• DATASET ENTRIES
<<<<

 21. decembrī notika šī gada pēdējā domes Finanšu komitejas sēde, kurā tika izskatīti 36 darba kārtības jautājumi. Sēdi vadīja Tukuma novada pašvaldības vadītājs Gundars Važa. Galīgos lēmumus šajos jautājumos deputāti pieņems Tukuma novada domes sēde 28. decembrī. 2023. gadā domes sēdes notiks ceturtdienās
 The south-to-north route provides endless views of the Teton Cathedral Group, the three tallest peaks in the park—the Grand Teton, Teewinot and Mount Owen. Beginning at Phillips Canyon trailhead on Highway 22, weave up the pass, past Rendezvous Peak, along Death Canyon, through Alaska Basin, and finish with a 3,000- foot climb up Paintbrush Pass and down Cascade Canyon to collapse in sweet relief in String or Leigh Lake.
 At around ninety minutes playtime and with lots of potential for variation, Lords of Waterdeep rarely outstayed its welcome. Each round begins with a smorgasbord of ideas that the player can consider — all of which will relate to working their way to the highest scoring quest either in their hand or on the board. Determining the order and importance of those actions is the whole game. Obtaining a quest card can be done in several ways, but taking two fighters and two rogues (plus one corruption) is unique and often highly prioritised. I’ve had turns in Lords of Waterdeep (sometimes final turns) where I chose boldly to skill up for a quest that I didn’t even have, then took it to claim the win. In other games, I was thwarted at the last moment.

>>>>
<<<<

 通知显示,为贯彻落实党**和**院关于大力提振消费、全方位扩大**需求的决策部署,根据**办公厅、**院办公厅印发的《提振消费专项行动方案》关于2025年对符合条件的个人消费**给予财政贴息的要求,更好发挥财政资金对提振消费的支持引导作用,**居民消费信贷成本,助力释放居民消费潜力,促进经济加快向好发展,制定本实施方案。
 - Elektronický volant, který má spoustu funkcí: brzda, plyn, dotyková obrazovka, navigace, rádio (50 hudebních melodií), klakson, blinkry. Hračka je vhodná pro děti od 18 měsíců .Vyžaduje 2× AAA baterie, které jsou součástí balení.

>>>>

• WHAT IS EXPECTED
State the number of lines above that hold the word "with", and say nothing else.

• RESPONSE TO THE TASK
2